Antes disso, em 30 de outubro, alunos de escolas públicas de Itabira (MG) visitaram o STF e receberam cópias da cartilha. Os estudantes tinham entre nove e 15 anos de idade.
Segundo a Udesc, o projeto também vai virar filme em breve.
O desfecho: contra a homofobia e a desinformação
Depois de se apresentar às crianças, a Constituição se transforma em um tapete mágico e leva os estudantes para sobrevoar todas as regiões do país. “Têmis enviou um feixe de luz que iluminou a cabeça dos tripulantes e eles puderam entender com maior clareza os graves problemas que prejudicam o país: desmatamento, queimadas, bullying, escolas superlotadas, falta de vagas em hospitais, pobreza, má distribuição de renda, falta de acessibilidade para pessoas com deficiência, racismo, homofobia, fome, violência…”
No desfecho do livro, Cacá — agora plenamente educada sobre seus direitos constitucionais — ensina uma lição aos colegas durante a apresentação do trabalho: “Combatendo a desinformação e trabalhando juntos em prol de justiça e cidadania, poderemos melhorar a condição de vida de todos os brasileiros e brasileiras, incluindo as plantas e os animais!”

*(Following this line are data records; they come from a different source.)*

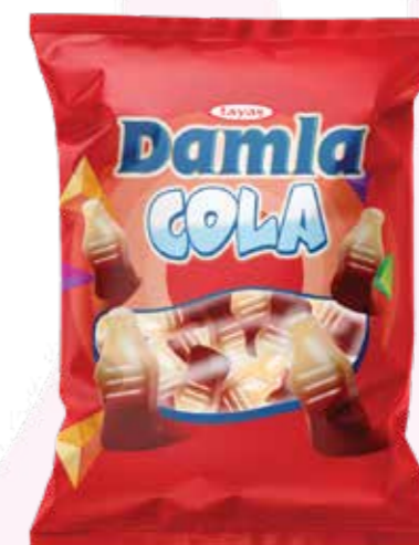
2099 DAMLA GUMMY (OILY) COLA 80 G BAG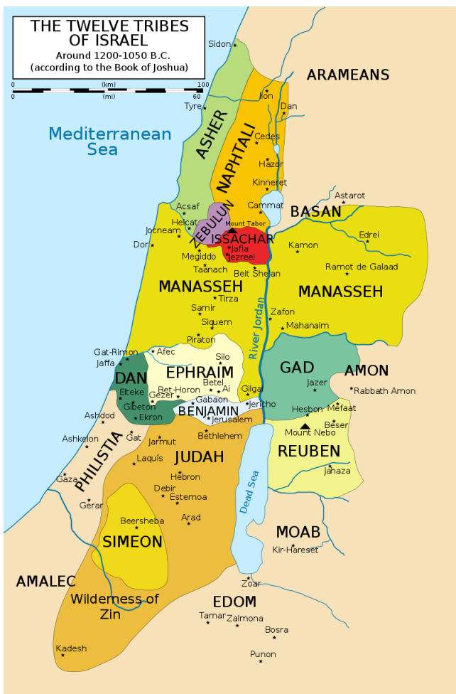
Location of Ephraim

Judges 1:34-35 Then the Amorites forced the sons of Dan into the hill country, for they did not allow them to come down to the valley; 35 yet the Amorites persisted in living in Mount Heres, in Aijalon and in Shaalbim ; but when the power of the house of Joseph grew strong, they became forced labor.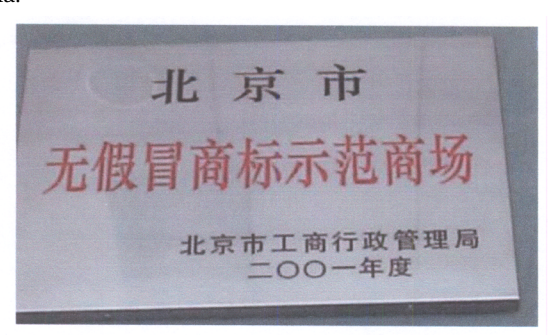
Beijing Administration for Industry and Commerce Sign: "Model Market for No Counterfeit Trademarks, 2001"

Science and Civilization in China. Looking to the future, China has indeed committed significant resources to revamping its laws, establishing a specialized IP court system, implementing specialized administrative agencies with power to fine infringers, and enacting and publicizing laws or measures that may extend beyond TRIPS minima.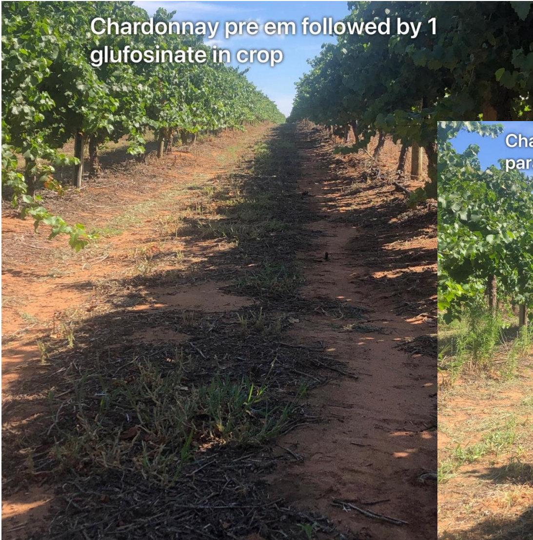
Chardonnay pre em followed by 1 glufosinate in crop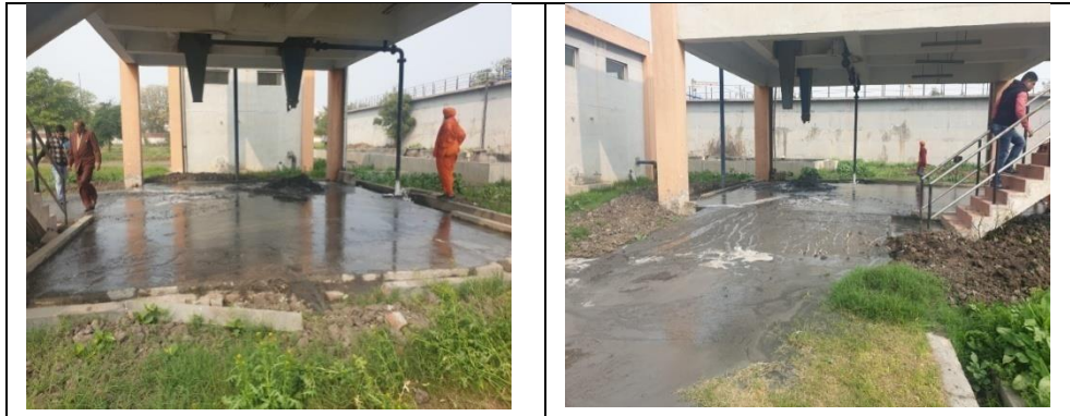
Photographs showing malfunctioning of centrifugal system extracting sludge in liquid form without de-watering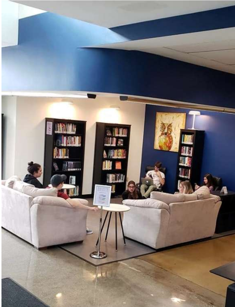
Students enjoying the new Diversity Burrow in the Wimberly Library

That area has no been repurposed to provide an inviting space for students to gather, to study alone, to read, to hang out. The Libraries staff took great pleasure in designing the space and donating furniture and artwork, as well as buying books and furnishings specially chosen for the spot. As we are able, we will continue to repurpose and redesign spaces to provide more seating, better functionality, and greater comfort.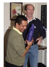
Club bowling night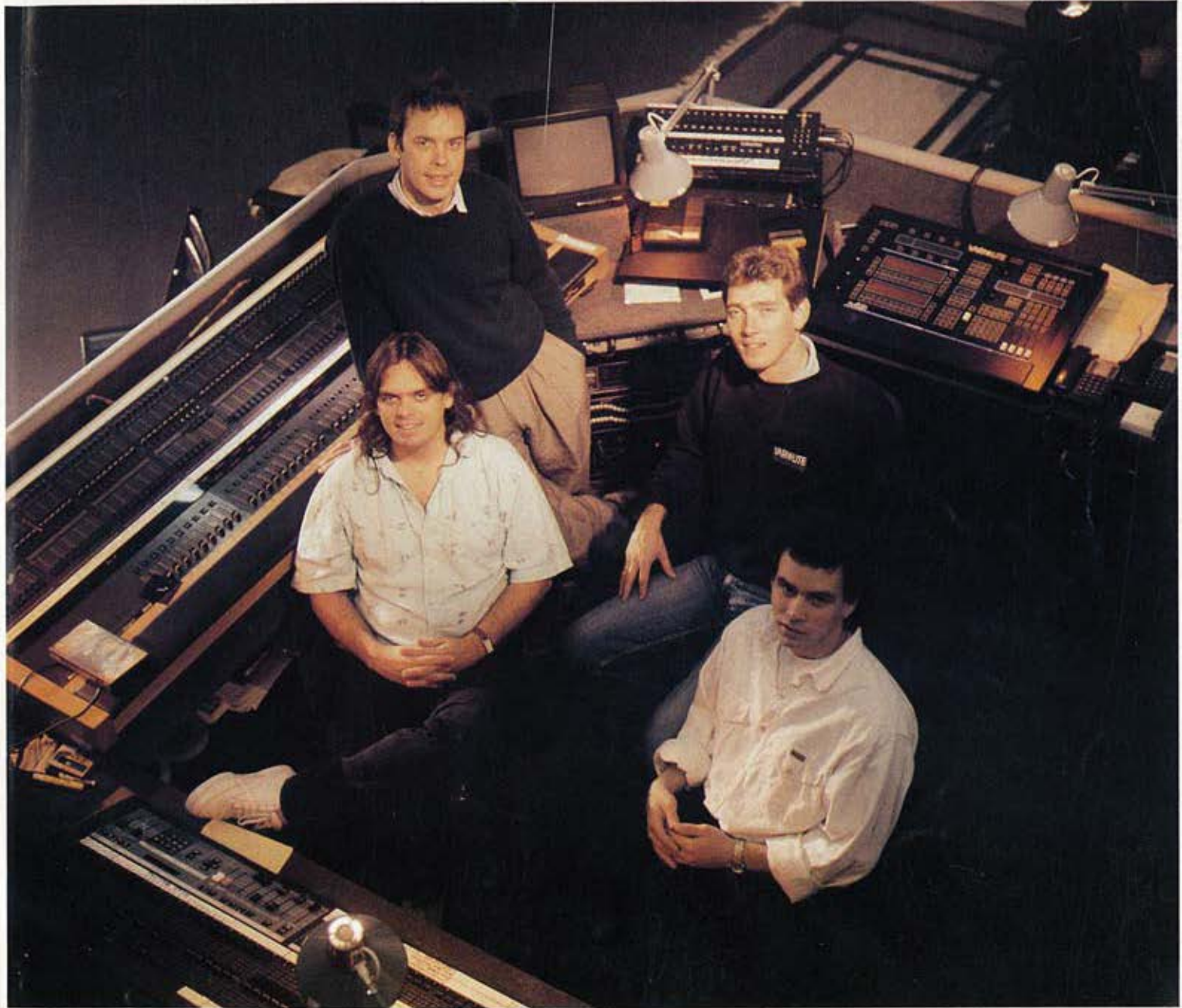
IN CONTROL AT 4:1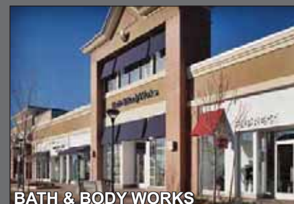
BATH & BODY WORKS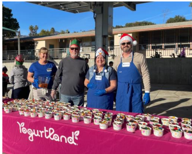
On Friday Dec 9th, Santa Barbara Kiwanians served treats to the 4th, 5th and sixth graders at Cleveland School in recognition of the awards they earned bringing up their grades and demonstrating their good citizenship.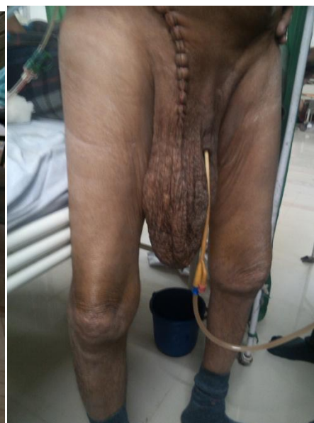
Fig. 2: Post-operative

O professor dá nota dez para a apresentação dos alunos. Caramelo, a Constituição falante e a estátua da Justiça observam discretamente pela janela da escola. A frase final é um apelo à emoção: "Ninguém reparou, mas uma lágrima de emoção caiu do olho da estátua". Fim da história.
A reportagem da Gazeta do Povo procurou a Udesc e o STF para comentar o conteúdo da cartilha, e ainda aguarda resposta.